Output only the lines that run from the line holding "Sushi de salmão, cream" to the end of the data below, including both ends, without any pictures.
++++ DATA PROVIDED ++++
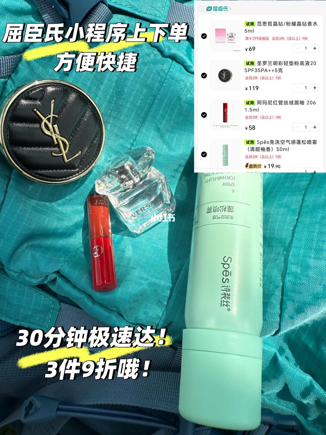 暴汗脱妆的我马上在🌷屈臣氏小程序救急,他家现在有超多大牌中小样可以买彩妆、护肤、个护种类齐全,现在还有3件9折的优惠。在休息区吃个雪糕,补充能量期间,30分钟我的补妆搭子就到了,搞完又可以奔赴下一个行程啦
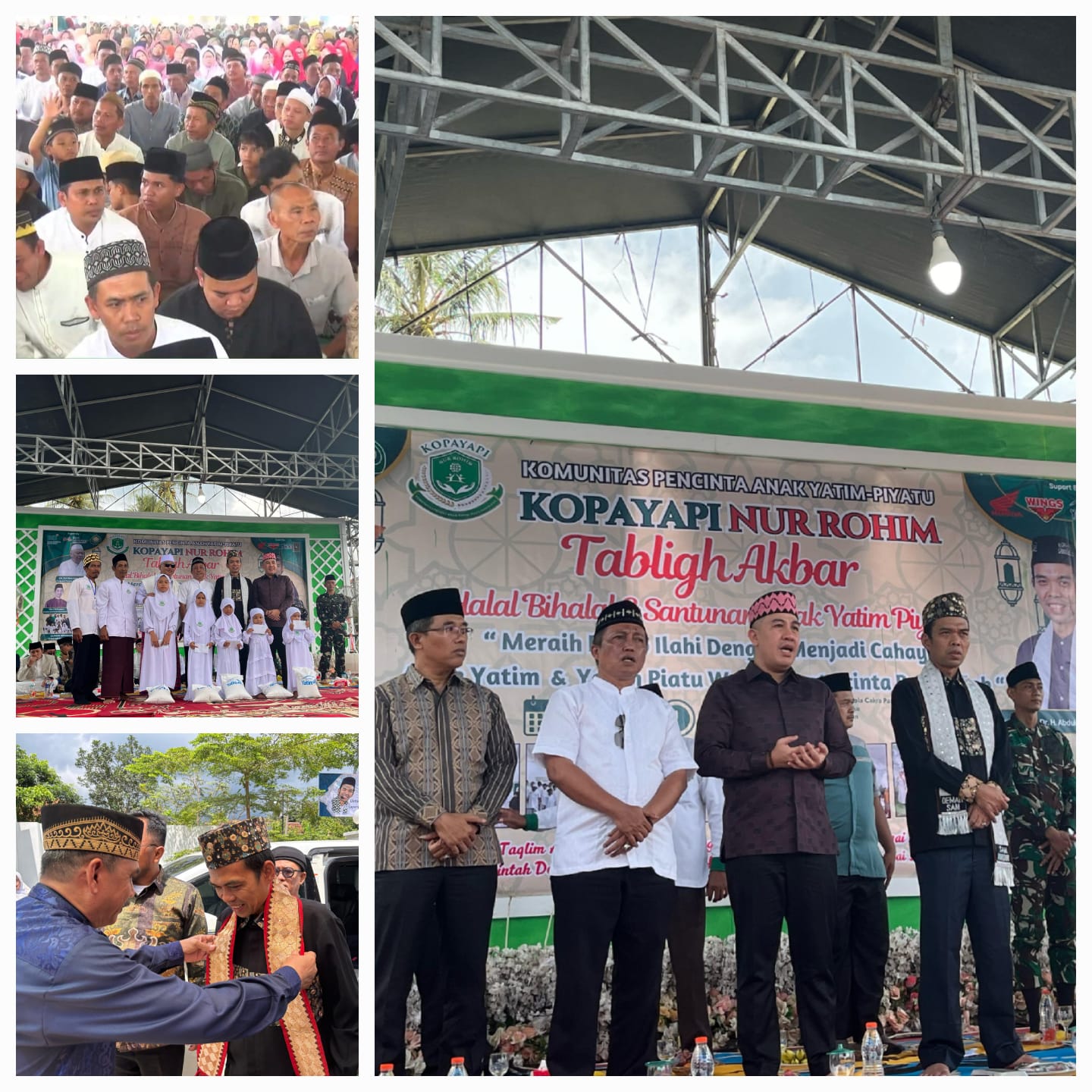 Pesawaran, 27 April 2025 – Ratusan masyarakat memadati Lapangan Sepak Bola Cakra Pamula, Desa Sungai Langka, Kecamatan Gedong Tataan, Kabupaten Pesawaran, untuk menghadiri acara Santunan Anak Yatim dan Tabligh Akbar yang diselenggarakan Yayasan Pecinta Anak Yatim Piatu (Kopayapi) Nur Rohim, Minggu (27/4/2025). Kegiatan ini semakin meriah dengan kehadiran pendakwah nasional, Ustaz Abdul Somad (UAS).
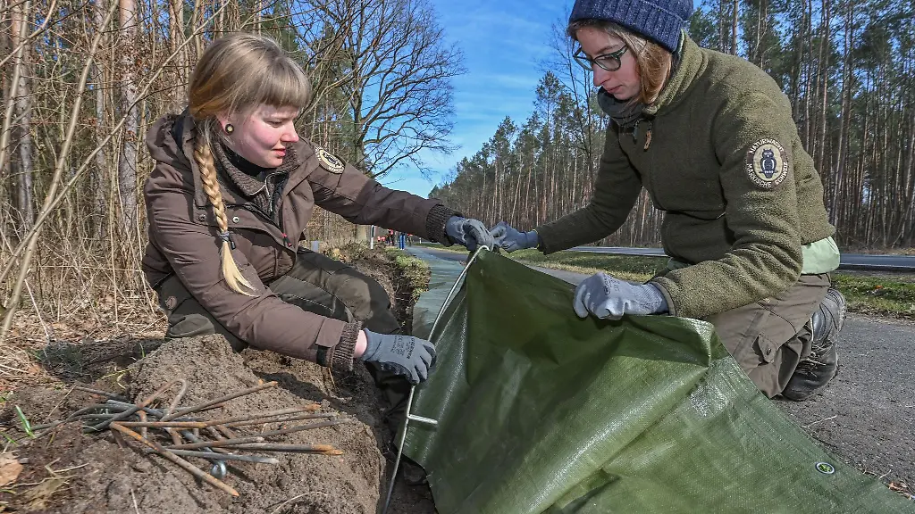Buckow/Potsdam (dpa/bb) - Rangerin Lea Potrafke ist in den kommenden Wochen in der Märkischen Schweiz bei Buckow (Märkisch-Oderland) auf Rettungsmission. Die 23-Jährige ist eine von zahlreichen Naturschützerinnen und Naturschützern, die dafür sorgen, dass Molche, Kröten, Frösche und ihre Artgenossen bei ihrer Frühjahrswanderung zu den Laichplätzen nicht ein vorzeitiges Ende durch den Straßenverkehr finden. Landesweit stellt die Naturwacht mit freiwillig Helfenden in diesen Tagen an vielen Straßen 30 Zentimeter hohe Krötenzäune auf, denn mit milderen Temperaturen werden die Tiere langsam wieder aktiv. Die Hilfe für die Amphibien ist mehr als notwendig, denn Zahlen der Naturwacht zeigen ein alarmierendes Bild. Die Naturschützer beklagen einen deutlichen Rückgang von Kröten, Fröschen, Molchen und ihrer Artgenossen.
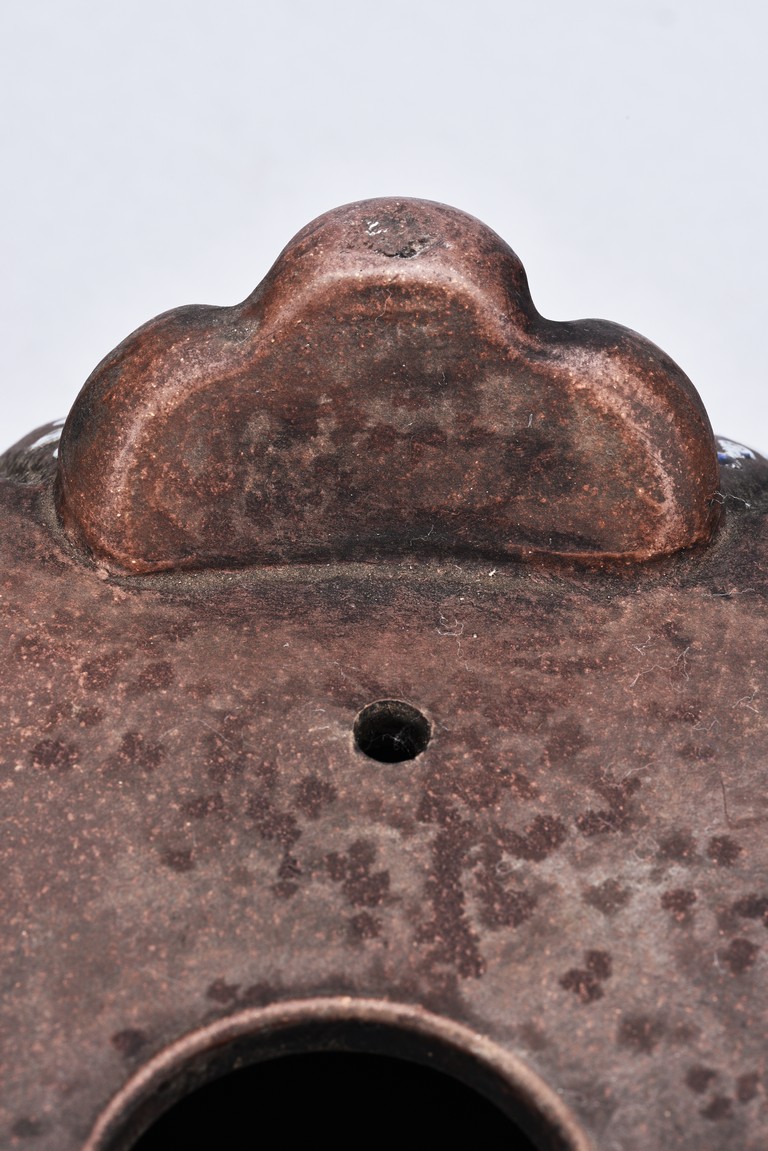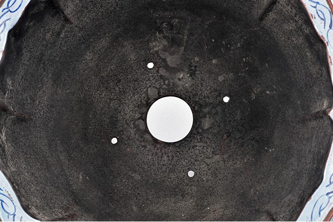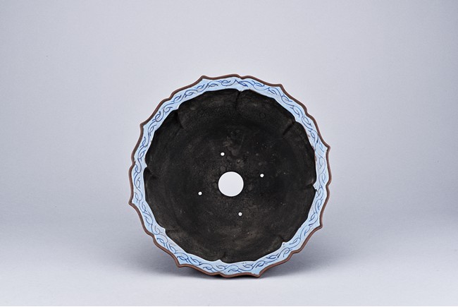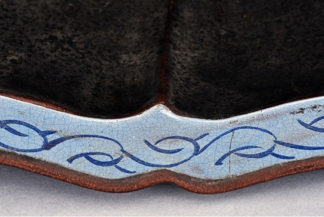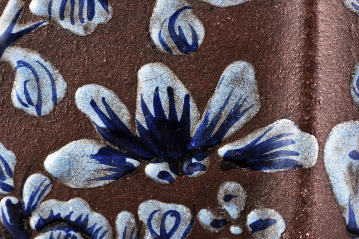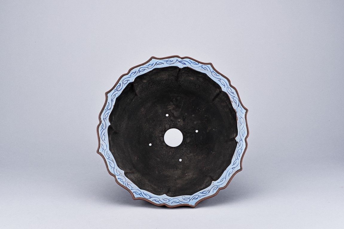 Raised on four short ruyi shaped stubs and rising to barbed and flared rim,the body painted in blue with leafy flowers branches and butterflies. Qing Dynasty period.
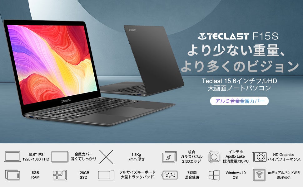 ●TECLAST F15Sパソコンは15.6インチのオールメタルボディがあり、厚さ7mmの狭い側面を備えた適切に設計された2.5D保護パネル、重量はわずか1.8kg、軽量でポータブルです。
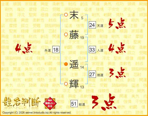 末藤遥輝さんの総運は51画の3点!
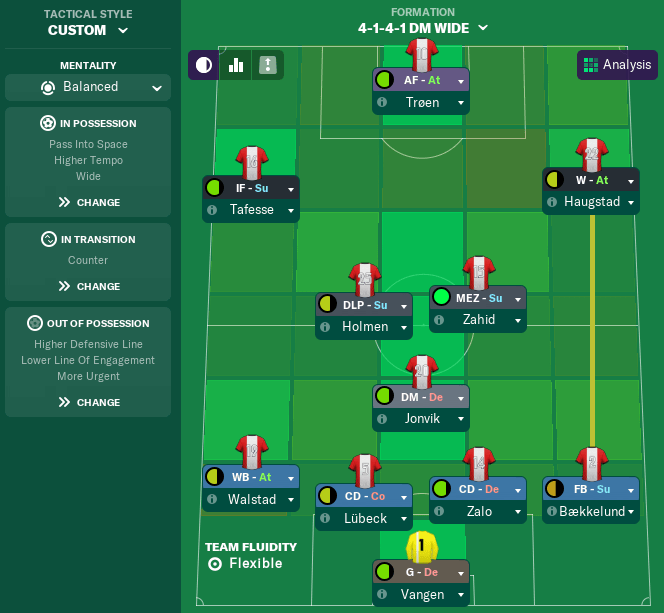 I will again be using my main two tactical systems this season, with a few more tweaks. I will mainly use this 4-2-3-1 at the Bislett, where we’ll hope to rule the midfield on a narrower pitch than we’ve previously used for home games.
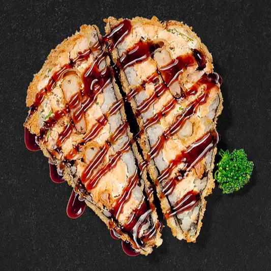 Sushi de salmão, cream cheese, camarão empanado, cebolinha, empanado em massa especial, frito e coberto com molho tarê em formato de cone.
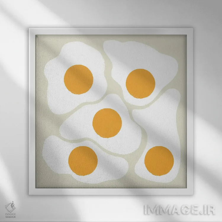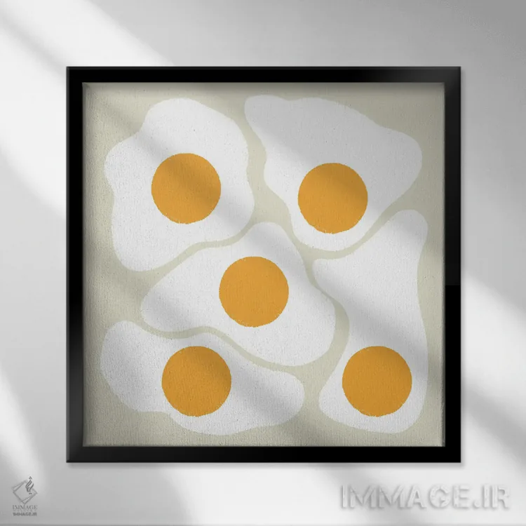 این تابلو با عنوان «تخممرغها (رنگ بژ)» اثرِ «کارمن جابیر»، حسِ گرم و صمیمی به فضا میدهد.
++++
COMPLETED EXERCISE:
 Sushi de salmão, cream cheese, camarão empanado, cebolinha, empanado em massa especial, frito e coberto com molho tarê em formato de cone.
 این تابلو با عنوان «تخممرغها (رنگ بژ)» اثرِ «کارمن جابیر»، حسِ گرم و صمیمی به فضا میدهد.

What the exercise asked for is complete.